OsI_030282 Antibody

What is OsI_030282 and what are the key specifications of antibodies targeting this protein?

OsI_030282 is an uncharacterized protein from Oryza sativa subsp. indica (Rice) with the UniProt accession number A2Z139. The commercially available antibody (product code CSB-PA386120XA01OFF) is a rabbit-raised polyclonal antibody generated using recombinant OsI_030282 protein as the immunogen. This antibody is supplied in liquid form containing 50% glycerol, 0.01M PBS (pH 7.4), and 0.03% Proclin 300 as a preservative. It has been purified using antigen affinity chromatography and validated for ELISA and Western Blot applications .

Key specifications include:

• Isotype: IgG

• Clonality: Polyclonal

• Host species: Rabbit

• Target species reactivity: Oryza sativa subsp. indica (Rice)

• Applications: ELISA, Western Blot (WB)

• Storage conditions: -20°C or -80°C

How should OsI_030282 Antibody be stored and handled to maintain optimal activity?

For maximum stability and activity retention, the OsI_030282 Antibody should be stored at -20°C or -80°C immediately upon receipt. Repeated freeze-thaw cycles should be strictly avoided as they can compromise antibody functionality and specificity. For laboratory use, it is recommended to aliquot the antibody into smaller volumes based on experimental needs to minimize freeze-thaw events .

Handling recommendations:

• Thaw antibody aliquots on ice or at 4°C

• Prepare working dilutions fresh before each experiment

• Return unused antibody to -20°C promptly

• For short-term storage (1-2 weeks), antibody can be kept at 4°C

• Avoid exposure to light when using fluorescently-labeled secondary antibodies

What is the recommended protocol for using OsI_030282 Antibody in Western blot applications?

When using OsI_030282 Antibody for Western blot applications, researchers should follow this methodological approach for optimal results:

Sample preparation:

• Extract proteins from rice tissues using appropriate lysis buffer (e.g., RIPA buffer with protease inhibitors)

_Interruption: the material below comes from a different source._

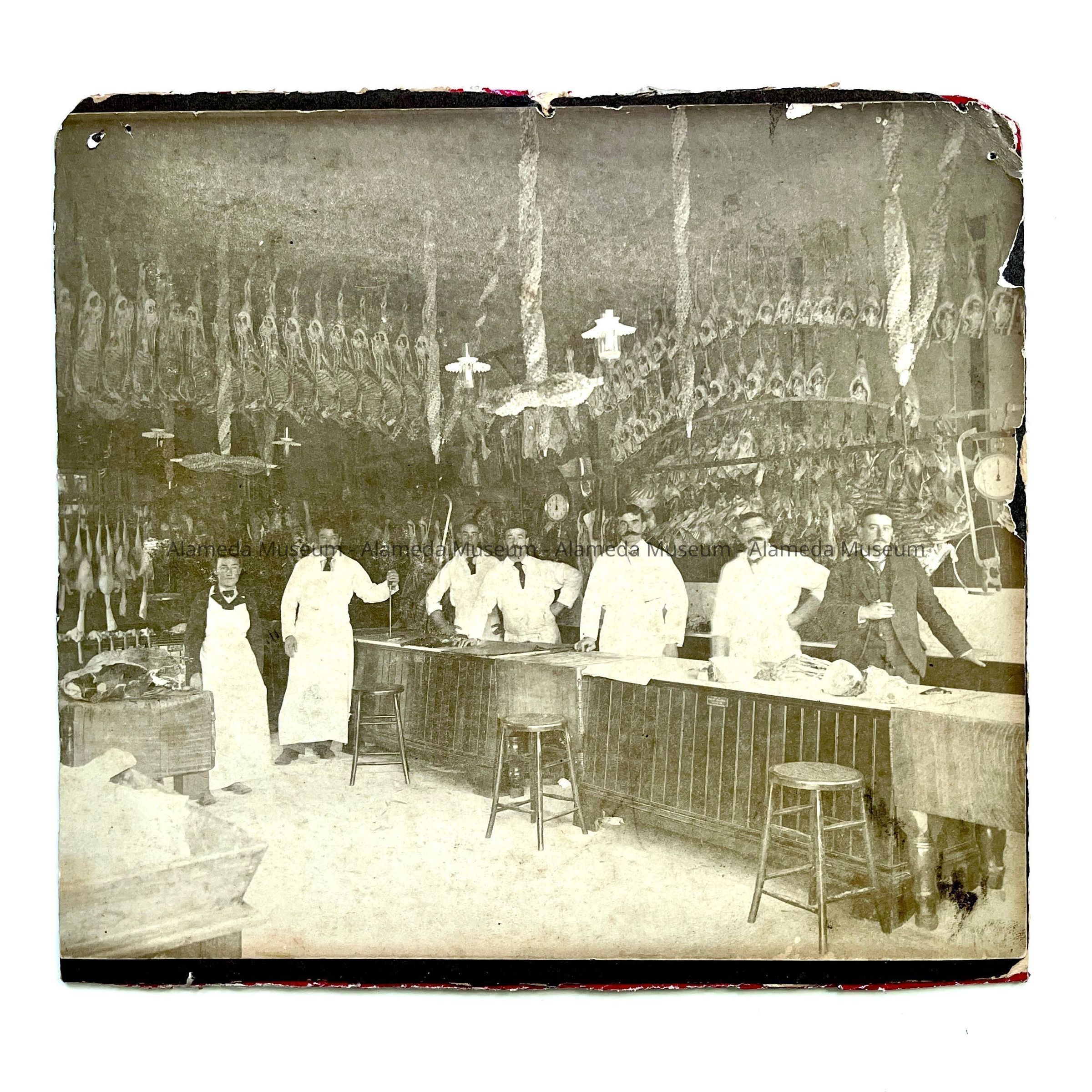 History of Object: Interior view of Ansel's Meat Market, located on S.E. corner of Chestnut and Encinal. Butchers are identified on the descriptive label.

• Quantify protein concentration using Bradford or BCA assay

• Denature samples with Laemmli buffer (containing SDS and β-mercaptoethanol) at 95°C for 5 minutes

• Load 25-50 μg protein per lane on SDS-PAGE gel

Western blot procedure:

• Separate proteins by SDS-PAGE (10-12% acrylamide gel recommended)

• Transfer to PVDF or nitrocellulose membrane (wet transfer at 100V for 1 hour or 30V overnight)

• Block membrane with 5% non-fat milk or BSA in TBST for 1 hour at room temperature

• Incubate with primary antibody (OsI_030282 Antibody) at 1:500-1:1000 dilution overnight at 4°C

• Wash 3-5 times with TBST, 5 minutes each

• Incubate with HRP-conjugated secondary antibody at 1:5000-1:10000 for 1 hour at room temperature

• Wash 3-5 times with TBST, 5 minutes each

• Develop using ECL substrate and detect signal using X-ray film or digital imaging system

For enhanced detection specificity, include positive control (rice extract known to express OsI_030282) and negative control (non-rice plant extract) .

How can researchers verify the specificity of OsI_030282 Antibody for their experimental systems?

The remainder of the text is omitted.